» WORK TO COMPLETE
Please reproduce all of the data exactly as it appears, but skip the pictures.

═══ PROVIDED DATA

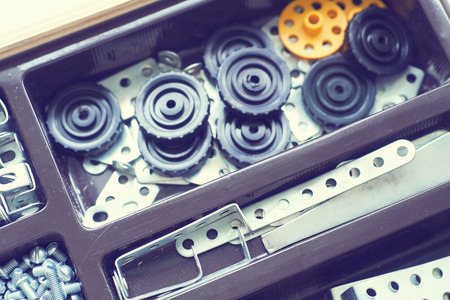Metal parts and elements of the children's building kit lying in the box. Concept of development of engineering and inventive thinking in children.
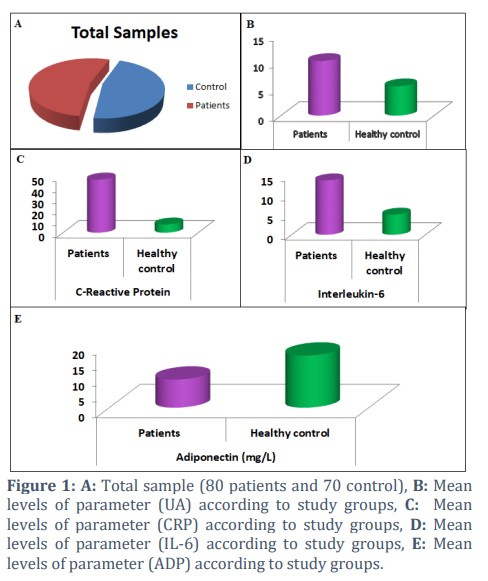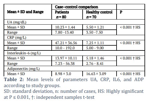 Results: On analysis, 80 out of the 150 individuals had gout arthritis. Uric Acid, IL-6, and CRP concentrations were all noticeably more prevalent in patients than in the control group (P < 0.001). Furthermore, ADP levels in patients were considerably lower than those of the control group (P < 0.001) as well. The present results were examined for age, gender, and body mass index (BMI).
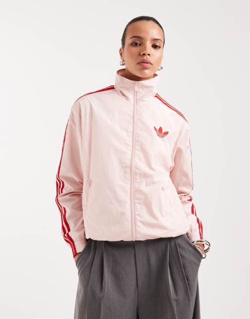 adidas Originals - Firebird - Top sportivo ampio in nylon rosa e rosso
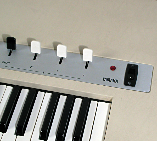 ヤマハ・コンボオルガンの代表格YC-10、レアカラーivoryです。初期型の特徴である本革ハンドル、レバーヘッドは後期タイプ、音源基板にはチューニング可のコイル式部品が採用(後期はIC)、オクターブ発生ICは初期型(丸型)でも後期型(汎用品)でもなくヤマハオリジナルの長方形ICが採用されています。初期から後期にかけての製品…つまり中期型ということでしょうか。中古市場でもほとんど見かけないivory、この機会に是非!
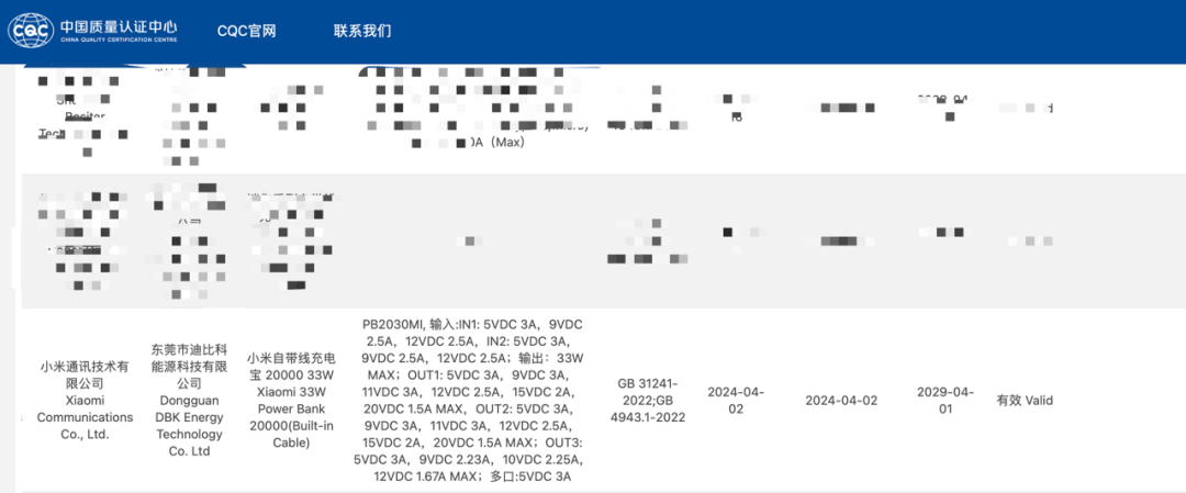 中国质量认证中心官网显示,PB2030MI型号充电宝的产品名称为小米自带线充电宝 20000 33W,3C认证取得日期为2024年4月2日,有效期至2029年4月1日,现状态为有效。科创板日报从上游供应链获悉,小米方面已经开始启动对电芯供应商安普瑞斯的经济追偿,对安普瑞斯电芯问题导致的损失通过法律手段进行追责。
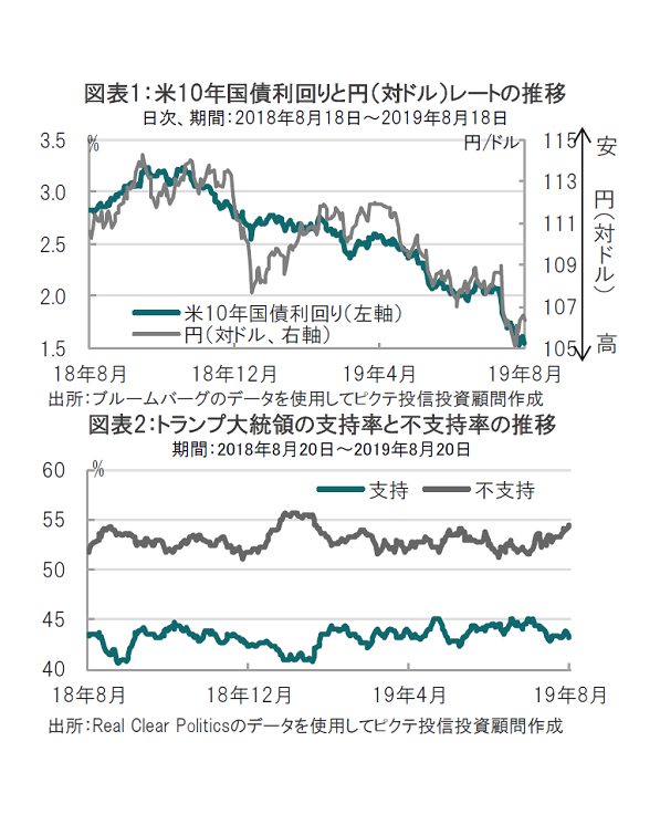 リーマンショック後で米10年国債利回りが1.5%台に低下したのは、欧州債務危機が悪化した12年、新興国通貨安などが懸念された16年となります。8月月初、やや唐突にトランプ大統領が意向を表明した中国からの輸入品に対する制裁関税に対する市場センチメントの悪化に米中貿易戦争の影響の大きさが改めて示されました。

══════

» SOLUTION
Metal parts and elements of the children's building kit lying in the box. Concept of development of engineering and inventive thinking in children.
 Results: On analysis, 80 out of the 150 individuals had gout arthritis. Uric Acid, IL-6, and CRP concentrations were all noticeably more prevalent in patients than in the control group (P < 0.001). Furthermore, ADP levels in patients were considerably lower than those of the control group (P < 0.001) as well. The present results were examined for age, gender, and body mass index (BMI).
 adidas Originals - Firebird - Top sportivo ampio in nylon rosa e rosso
 ヤマハ・コンボオルガンの代表格YC-10、レアカラーivoryです。初期型の特徴である本革ハンドル、レバーヘッドは後期タイプ、音源基板にはチューニング可のコイル式部品が採用(後期はIC)、オクターブ発生ICは初期型(丸型)でも後期型(汎用品)でもなくヤマハオリジナルの長方形ICが採用されています。初期から後期にかけての製品…つまり中期型ということでしょうか。中古市場でもほとんど見かけないivory、この機会に是非!
 中国质量认证中心官网显示,PB2030MI型号充电宝的产品名称为小米自带线充电宝 20000 33W,3C认证取得日期为2024年4月2日,有效期至2029年4月1日,现状态为有效。科创板日报从上游供应链获悉,小米方面已经开始启动对电芯供应商安普瑞斯的经济追偿,对安普瑞斯电芯问题导致的损失通过法律手段进行追责。
 リーマンショック後で米10年国債利回りが1.5%台に低下したのは、欧州債務危機が悪化した12年、新興国通貨安などが懸念された16年となります。8月月初、やや唐突にトランプ大統領が意向を表明した中国からの輸入品に対する制裁関税に対する市場センチメントの悪化に米中貿易戦争の影響の大きさが改めて示されました。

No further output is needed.